If nothing else, the film gave Murphy a first-hand glimpse of the kind of stardom that can beset the really young—leading lady Johansson turned 18 while the movie was being filmed. "Scarlett is a cool girl, and I wish her everything, but I hope she hangs on to that essence of what she has. If that shit had happened to me when I was 18 or 19, I would have turned into a dickhead," says Murphy. "I would be an asshole now." That he isn't honours what he refers to as "a very solid upbringing" as the oldest of four children, and to his relationship of seven years with an Irish artist, Yvonne, who graduated last year from London's Royal College of Art. (The two live in the Queens Park area of northwest London.)
An inbuilt sense of proportion no doubt helps too. "I abhor the idea of a personality or a celebrity; I know everyone says that, but it deeply offends me." To that end, he doesn't have a personal publicist—not yet, anyway—and says that three agents (one each in Dublin, London, and Los Angeles) more than suffice. "I've got a lot of people in my life: I don't need any more, and I don't do a huge amount of publicity, really." (Among other things, he has vetoed all live TV appearances and chat shows.) Murphy grimaces as he recalls showing up at a recent shoot for another magazine; it was a joint shoot with two other young actors, and he was the only one without various hangers-on in tow. "They couldn't get over the fact that I was on my own, and I couldn't get over the fact that these guys had an entourage. It seems to me that's the periphery of acting—that's the least important part. That should be the bit you invest with the least amount of energy so that when you have to do the work, you bring the most amount of energy to that. The most important part is work." Murphy speaks admiringly of actors like Billy Crudup, Phillip Seymour Hoffman, and Johnny Depp as welcome escapees from the PR machine. "They don't need to do it, so I don't fucking need to do it, you know what I mean? And nobody's grooming me or pushing me to do something I don't want to do."
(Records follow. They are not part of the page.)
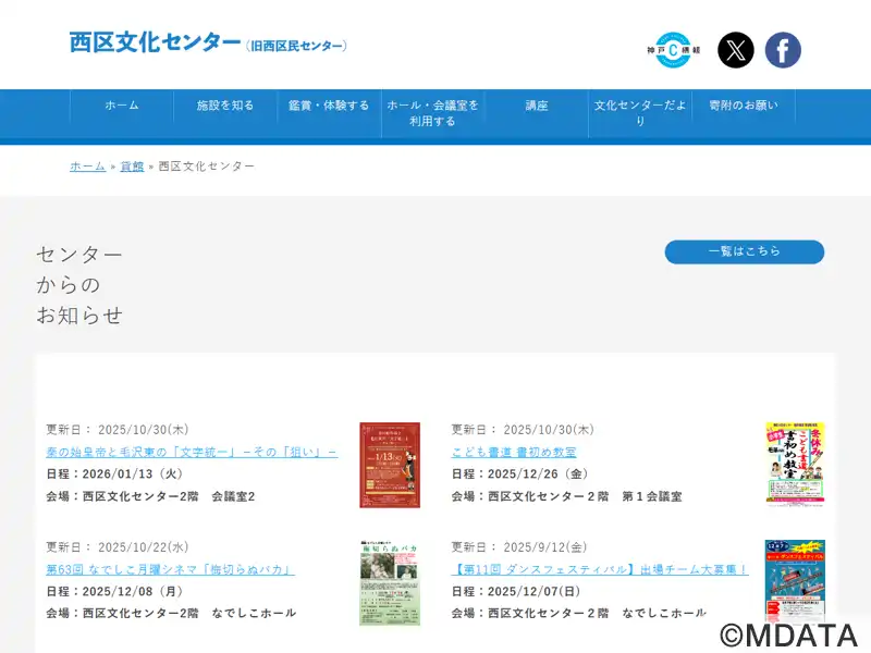神戸市西区の西神中央駅近くに位置する1989年開館の文化施設。最大480席を備えるプロセニアム型の大ホール「なでしこホール」では、コンサートや映画上映、演劇、発表会など多彩なイベントが開催され、可動席の調整によりダンス会場としての利用も可能。また、壁面鏡とピアノが常設された多目的ホール、会議室や視聴覚室、料理室、和室、音楽室、美術室、陶工芸室など諸室が用意され、多様な講座や文化活動が行われている。
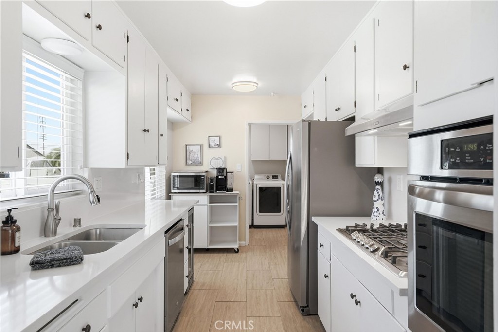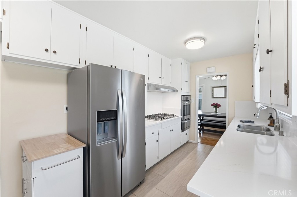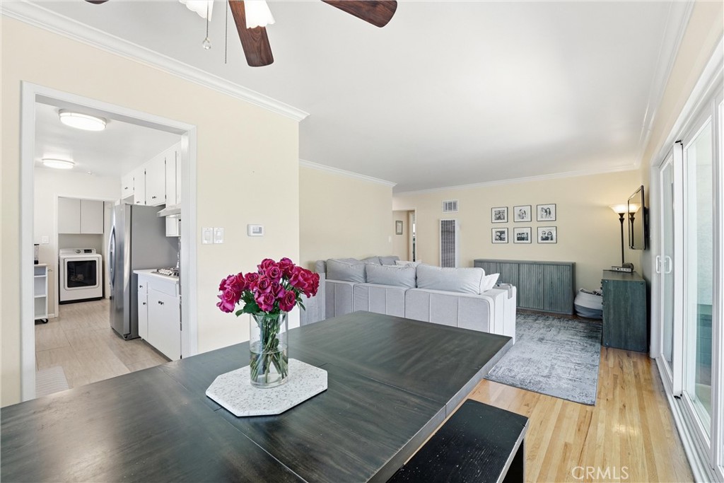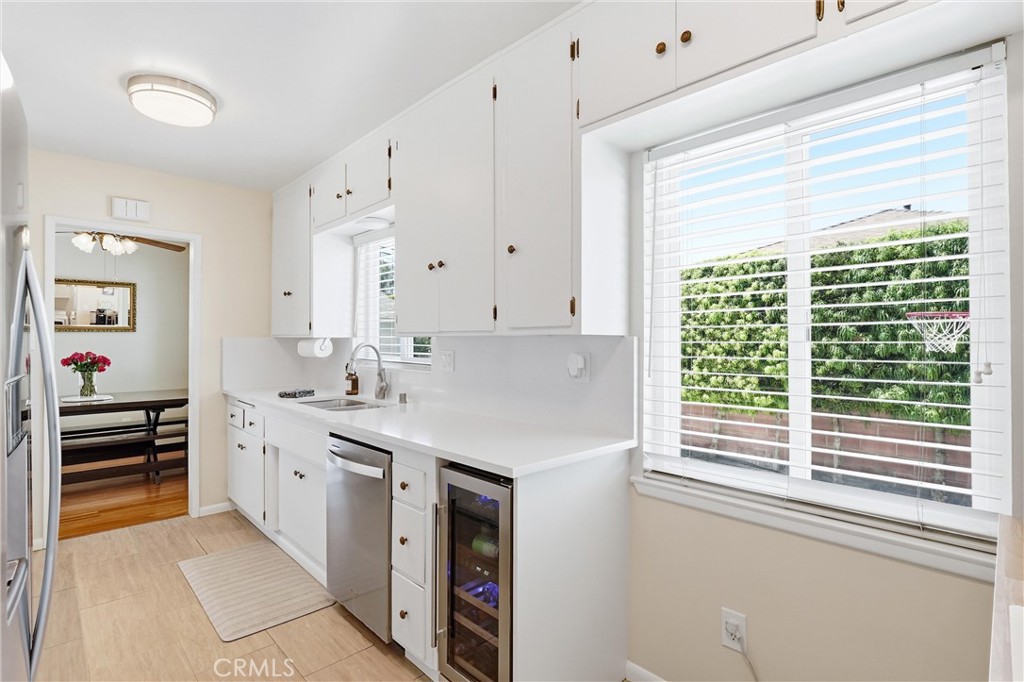 Welcome to 15434 Woodcrest Drive! This charming and well-maintained single family home is nestled in a highly desirable Whittier neighborhood. This inviting home offers 3 bedrooms, 1.5 bathrooms, and 1,143 square feet of thoughtfully designed living space, all situated on a generous 6,311 square foot lot. From the moment you arrive, you'll appreciate the home's beautiful curb appeal, enhanced by mature landscaping and a long concrete driveway leading to a detached two-car garage positioned at the rear of the property. Inside, the home is filled with great natural light and features a comfortable and functional layout ideal for everyday living. The spacious living room is highlighted by a cozy gas fireplace and flows seamlessly into the dining area, which showcases built-in cabinetry and shelving for added character and storage. A large sliding glass door off the living and dining rooms opens to the backyard, creating a perfect indoor-outdoor connection for entertaining. The kitchen is well-appointed with white wood cabinetry, quartz countertops, and a charming eat-in breakfast nook. Both the refrigerator and wine refrigerator are included, offering added convenience. Adjacent to the kitchen, the laundry room provides direct access to the side yard and driveway, along with a conveniently located powder room. The main bathroom has been tastefully remodeled, and all bedrooms are equipped with ceiling fans for added comfort. Additional upgrades include dual-pane windows throughout the home, enhancing energy efficiency and comfort year-round. Step outside to a spacious backyard featuring a large covered patio, perfect for outdoor dining or relaxing while overlooking the grassy yard area. The front and back yards are nicely landscaped, offering both beauty and functionality. Ideally located near Scott Avenue Elementary School and Granada Middle School, and zoned for the highly regarded La Serna High School, this home is also just minutes from Whittwood Town Center, offering a variety of shopping, dining, and entertainment options. Combining comfort, charm, and convenience, this is a wonderful opportunity to own a lovely home in a sought-after community.
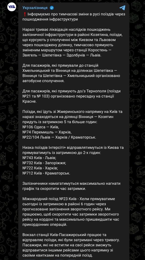 "Укрзалізниця" підтвердила, що удар там був по залізничному вузлу, і тепер змінюється графік поїздів. Також постраждав парк поїздів Інтерсіті+, один потяг отримав серйозні пошкодження.
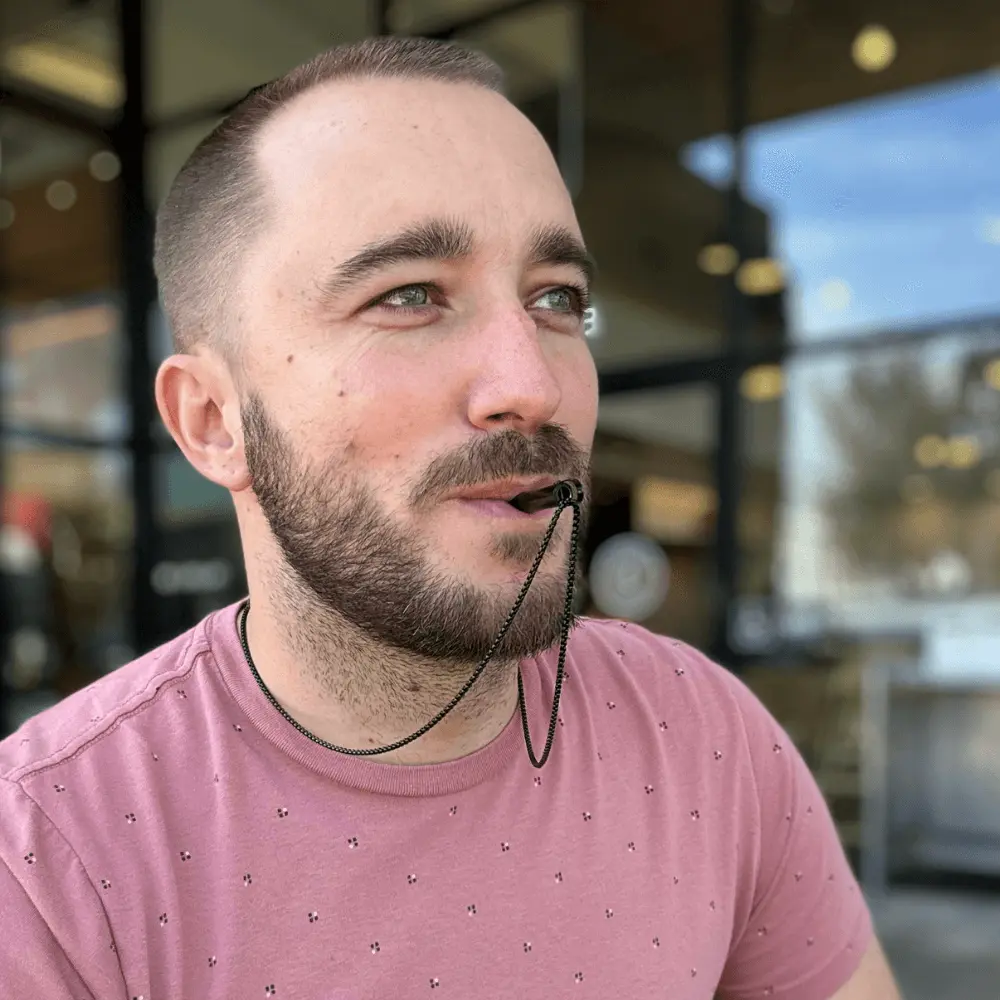 2. Exhale through the Sasillia breathing apparatus (simulates the sensation of smoking). Repeat 3-5 times until the taste goes away.
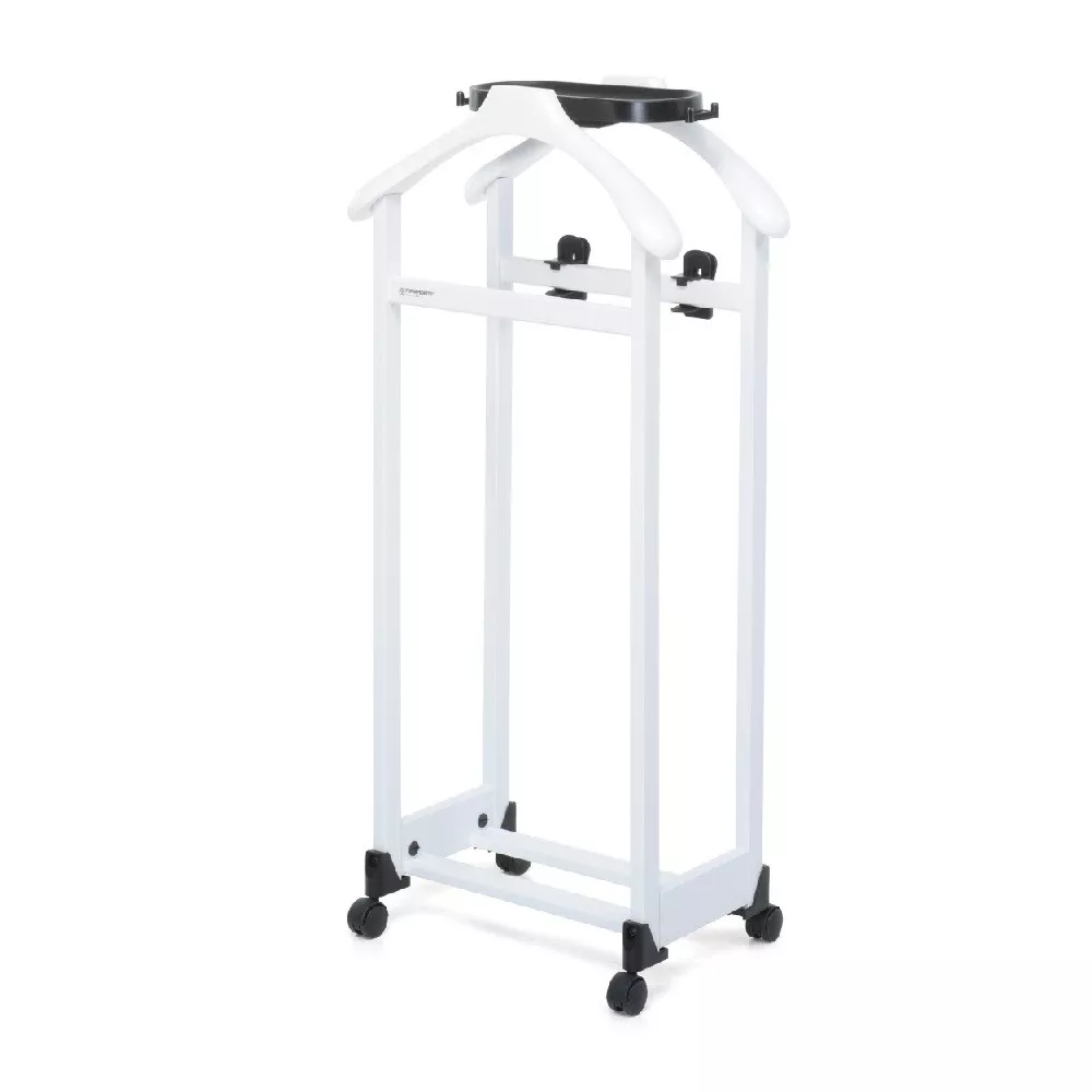 CLOTHES HANGER, IL METTINSIEME - FOPPA PEDRETTI Bedroom clothes stand with two shoulders. Solid wood structure. Equipped with an accessory tray and skirt hangers. The shoe base has swivel wheels. Dimensions in cm: (Height, Depth, Length) H 103 x D 27 x L 46 cm
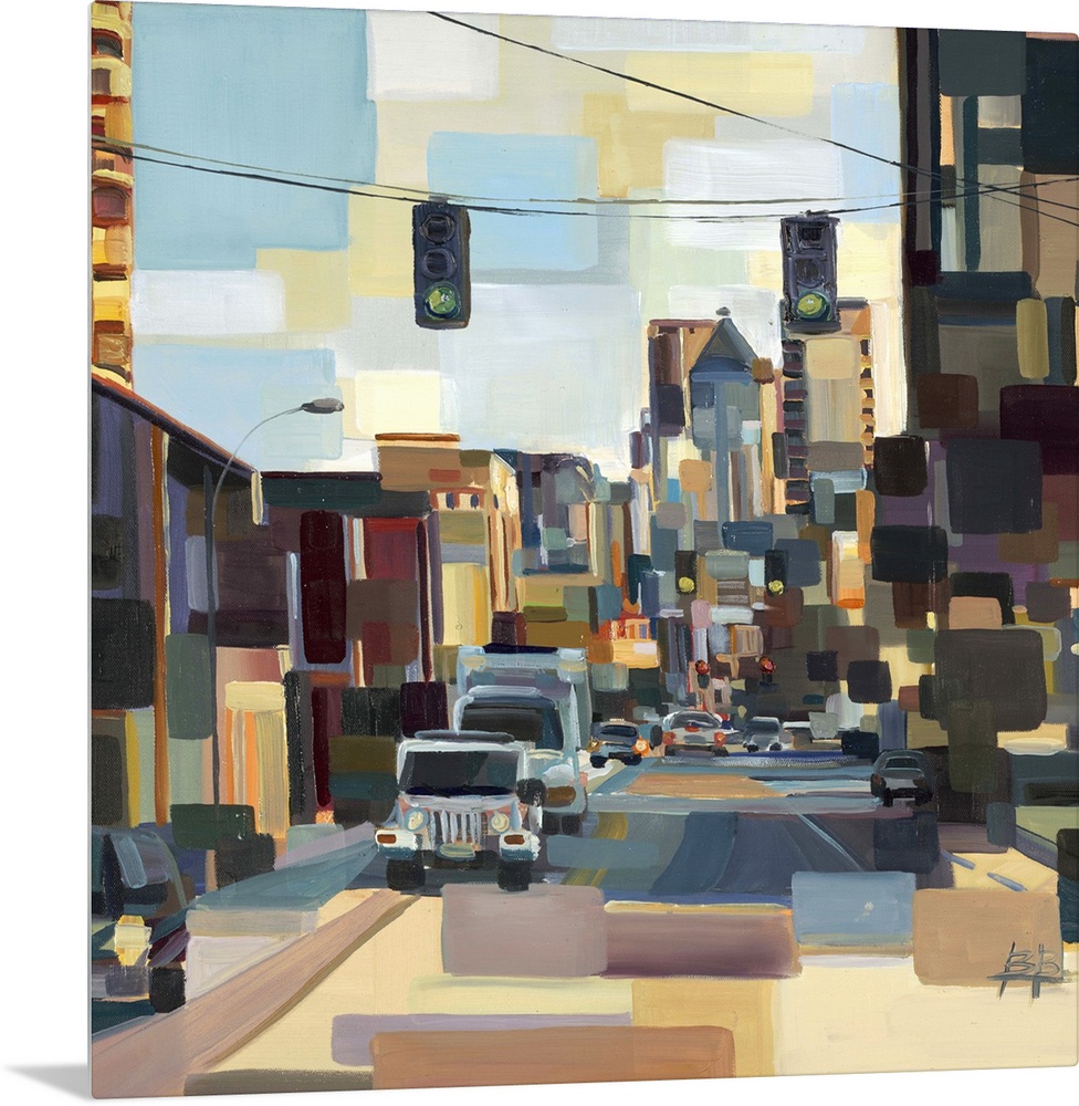<p>Contemporary abstract painting of an urban environment deconstructed into geometric shapes.</p>
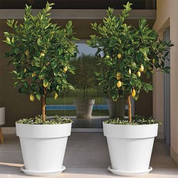 Uso exterior: Las macetas mitu, realizando los agujeros corresponientes se pueden utilizar perfectamente para exterior, tienen como opción los platos en todos los colores y tamaños.
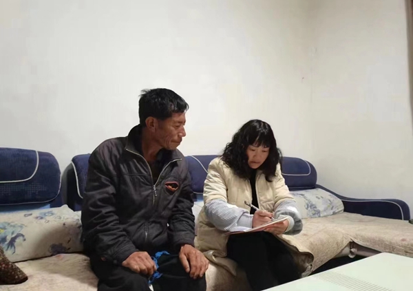 Wang Fumei (right) visits a family, in Butuo County, to learn about the family's condition and basic needs. [Photo/CCTF]
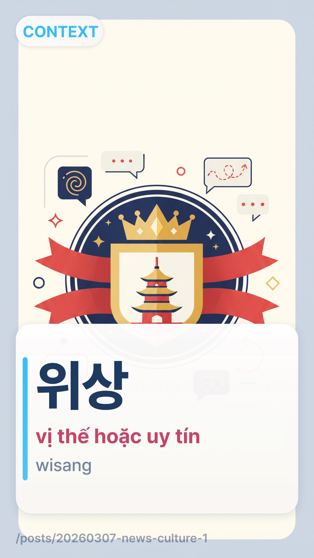 Trong bối cảnh tin tức, 위상wisang (wisang) đề cập đến địa vị, vị thế hoặc uy tín của một thực thể—trong trường hợp này là danh tiếng cao mà CJ ENM từng nắm giữ trong thế giới điện ảnh.
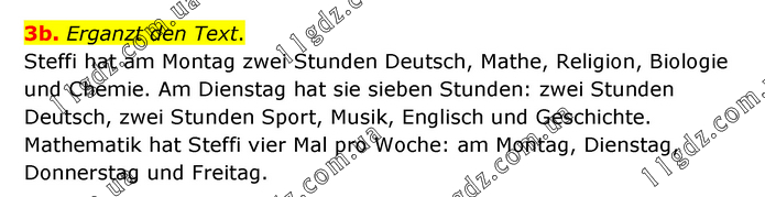 Erganzt den Text. Steffi hat am Montag zwei Stunden Deutsch, Mathe, Religion, Biologie und Chemie. Am Dienstag hat sie sieben Stunden: zwei Stunden Deutsch, zwei Stunden Sport, Musik, Englisch und Geschichte. Mathematik hat Steffi vier Mal pro Woche: am Montag, Dienstag, Donnerstag und Freitag.

Fair enough, but what happens come to the start of shooting at London's Pinewood Studios in May on Batman: Intimidation in which Murphy plays The Scarecrow to Christian Bale's title role? The fifth movie in an extraordinary franchise will surely obliterate any remaining anonymity. "I think I'll be all right, you know?" As reflective as he is opinionated, Murphy muses on the vagaries of a career that he knows has only just begun. "It's obviously surreal, but that's the beauty of the thing. I love the fact that the job we do can be so random, you known, though ultimately it's all the same. Ultimately it's about being true to the script. Ultimately it's about giving a good performance." With that, Cillian Murphy excuses himself, appearing a few hours later on a small stage in Dublin to try out his latest role.